Contemporary Art
Live Auction, 16 February 2019
Contemporary Auction
About this Item
Notes
Drip Drop of Lime takes its title from a section of the poem written by Lynne Slonimsky that formed the epilogue of the book Life of Bone: Art Meets Science (2011):
When
A few days after my fifth birthday
In the close blackness of the cradle of mankind
I heard the tale of Mrs Ples
I cried and cried for her two million year solitude
So scared in the dark with only the drip drop of lime to keep her company.1
Brenner’s Life of Bone project – book and exhibition – was centred on the significance of bones for both artists and scientists, a group of whom considered and responded to the first Australopithecus africanus, a juvenile specimen, identified by Raymond Dart in 1924, at Taung in the North West Province of South Africa. Mrs Ples, recalled in the poem, is an adult fossil of this hominid, discovered in 1947 at Sterkfontein, in the Cradle of Humankind.
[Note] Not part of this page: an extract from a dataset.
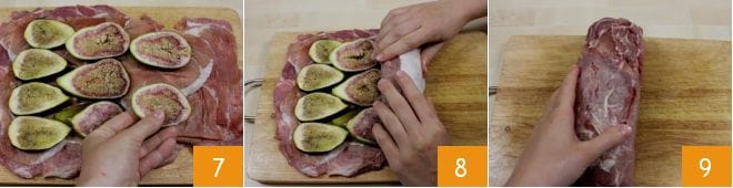 Disposez également les tranches de figues 7 en formant une couche au-dessus du jambon, en laissant environ 1 cm du bord, puis commencez à bien rouler le rôti 8, délicatement pour ne pas faire sortir la farce, jusqu'à le fermer complètement 9.
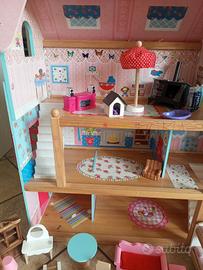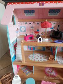 Casetta bambole usata poco. Compresi mobili suoi e altri comprati a parte. Misure 50*20*60

Moved by the miracle of this preserved fossilized infant skull from so long ago with a perfectly intact full set of milk teeth, and by its resonant connection to our own species, Brenner began work on a series of paintings depicting this tiny skull. Drip Drop of Lime, made in 2017, reflects Brenner’s shift to working on a large scale.
Joni Brenner, 2018
- Joni Brenner, Elizabeth Burroughs and Karel Nel (eds) (2011) Life of Bone: Art MeetsScience, Johannesburg: Wits University Press.